Copying starts at the line containing "4 Bedroom Extreme" and stops after the last line of the records; each line is repeated exactly, and pictures are skipped.

**Excerpts from a dataset:**

———

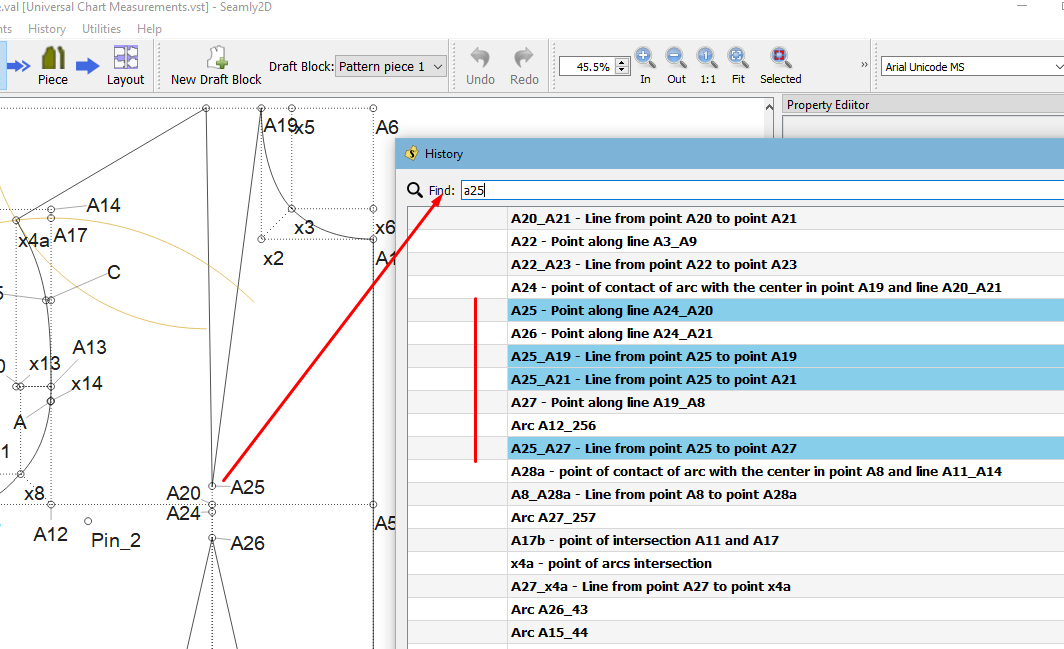 I’ve just found my self trying to delete a curve in a pattern that I’ve made and the delete button isn’t clickable, so I guess something is based on it. Therefore it came to mind that it might be a very comfortable option if there was a window where you can see all the connections from points or lines they’re linked to. I know that you can see the reference point in the property editor (which btw has got a spelling in the Version 5.15.2.) but I mean the other way around. Instead of seeing where its based on you can also see which point is based on that point or line (seeing all the linked points). This could be very practical because I sometimes find it quite difficult to remember which point has been created on which other, as you have to go backwards to delete something.
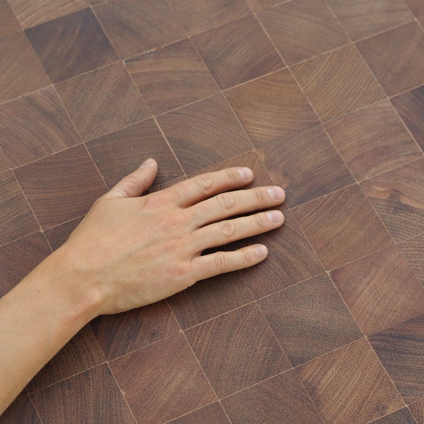 End grain parquet (kopshout / bois debout) is a type of flooring made up of wooden tiles cut perpendicular to the growth direction of the wood. In post-war architecture, it was often used for floors that had to be hard-wearing, or express a sense of grandeur, or both. Entrance halls to museums, restaurants in bank headquarters, etc.
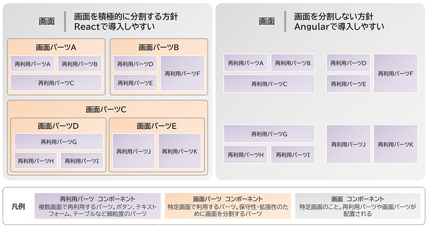図4の右側は、画面全体を1つの大きなコンポーネントとして構築する設計方針です。従来よく採用されてきた手法であり、Angularで導入しやすい※2です。この方針は、画面の内部設計コストを軽減し、開発作業を容易に進められます。一方、複雑な画面ではコードが肥大化しやすく、保守性が低下する可能性があります。この方針の利用ケースとしては、多数のメンバーが関わり、比較的シンプルな画面を量産する社内システム開発に適しています。
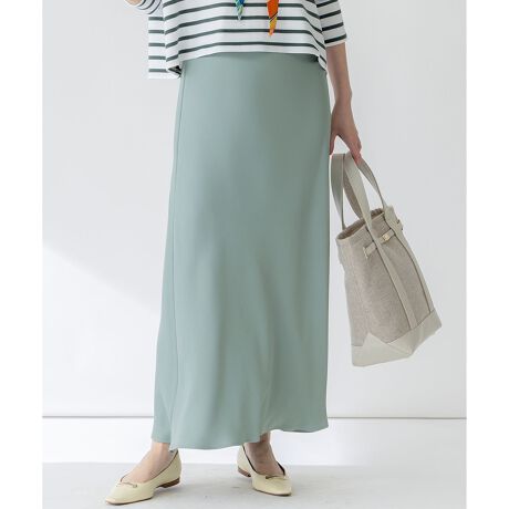 ややIラインの落ち感のあるスカート。程よい肉感で体に張り付かず、女性らしいシルエットを作り出してくれます。ウエスト部分はオールゴムで着脱しやすいのも嬉しいポイント。前側のゴムはスッキリと見えるように作っており、トップスをインしてもごわつきにくいように仕上げています。光沢のあるサテンがどんなトップスに合わせてもこなれた印象に。オンオフ問わず着用していただけます。カラーは、柔らかく馴染むベージュ(#033)、シックな印象のブラック(#005)、春らしい清涼感のあるミント(#062)の3色展開です。
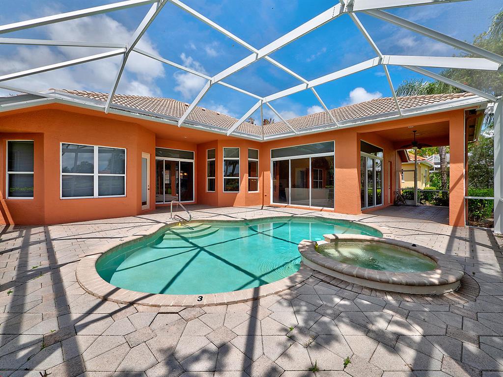 4 Bedroom Extreme Ibis Value! 4 Bath, plus A Den, Pool with Spa and a Two Car Garage with Golf Cart Storage. 3,000 Square Feet and The Perfect Floor Plan. The Exterior recently painted. Family Room, Nook, Living Room and Master all overlook the Pool/Patio onto The Heritage Course #8. The Kitchen is Spacious with abundant Counter Space, Gas Cook Top, Double Wall Oven, Pantry and Coffered Ceiling with High Hats. The Family Room has 2 Sets of Triple Sliders to the Screened Pool Area. The Master is Oversized with French Door to Patio, and the Master Bath has a Whirlpool Tub and Shower with Double Shower Heads and 2 Glass Door Entries. One Spare Bedroom is secluded in the back of the home, the other 2 in the Front of the Home. The Patio has 2 Covered Areas, perfect for Entertaining.
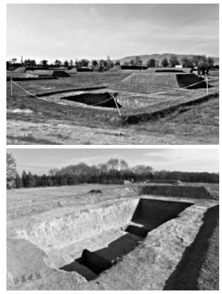 该墓群占地125亩,北距朔州老城7公里,南距新城遗址(梵王寺)10公里。四周已经被铁丝网围起,有安保人员在四周巡逻。山西省考古研究所工作人员正在朔州市、朔城区文物局工作人员的配合下,对发现的古墓葬进行清理。山西省考古研究所高振华告诉山西晚报记者,今年10月,经过前期的论证准备,并经国家文物局批准,省考古所进驻场地开始发掘工作,“到今天已经发掘墓葬20座,墓葬年代有战国、西汉、东汉、北魏等。已经出土了为数不多的陶器、漆器等陪葬品。”
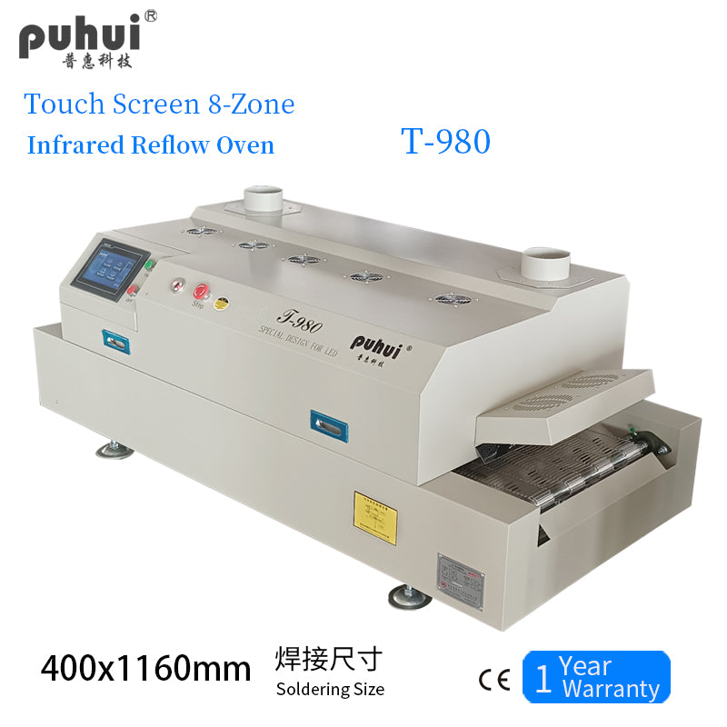 Puhui NEW touch screen T-980 model is 8 heating zone conveyor reflow oven with 400*1160mm soldering area. Refining multiple heating zones is better for precise soldering.

———

**RESPONSE TO THE TASK:**
 4 Bedroom Extreme Ibis Value! 4 Bath, plus A Den, Pool with Spa and a Two Car Garage with Golf Cart Storage. 3,000 Square Feet and The Perfect Floor Plan. The Exterior recently painted. Family Room, Nook, Living Room and Master all overlook the Pool/Patio onto The Heritage Course #8. The Kitchen is Spacious with abundant Counter Space, Gas Cook Top, Double Wall Oven, Pantry and Coffered Ceiling with High Hats. The Family Room has 2 Sets of Triple Sliders to the Screened Pool Area. The Master is Oversized with French Door to Patio, and the Master Bath has a Whirlpool Tub and Shower with Double Shower Heads and 2 Glass Door Entries. One Spare Bedroom is secluded in the back of the home, the other 2 in the Front of the Home. The Patio has 2 Covered Areas, perfect for Entertaining.
 该墓群占地125亩,北距朔州老城7公里,南距新城遗址(梵王寺)10公里。四周已经被铁丝网围起,有安保人员在四周巡逻。山西省考古研究所工作人员正在朔州市、朔城区文物局工作人员的配合下,对发现的古墓葬进行清理。山西省考古研究所高振华告诉山西晚报记者,今年10月,经过前期的论证准备,并经国家文物局批准,省考古所进驻场地开始发掘工作,“到今天已经发掘墓葬20座,墓葬年代有战国、西汉、东汉、北魏等。已经出土了为数不多的陶器、漆器等陪葬品。”
 Puhui NEW touch screen T-980 model is 8 heating zone conveyor reflow oven with 400*1160mm soldering area. Refining multiple heating zones is better for precise soldering.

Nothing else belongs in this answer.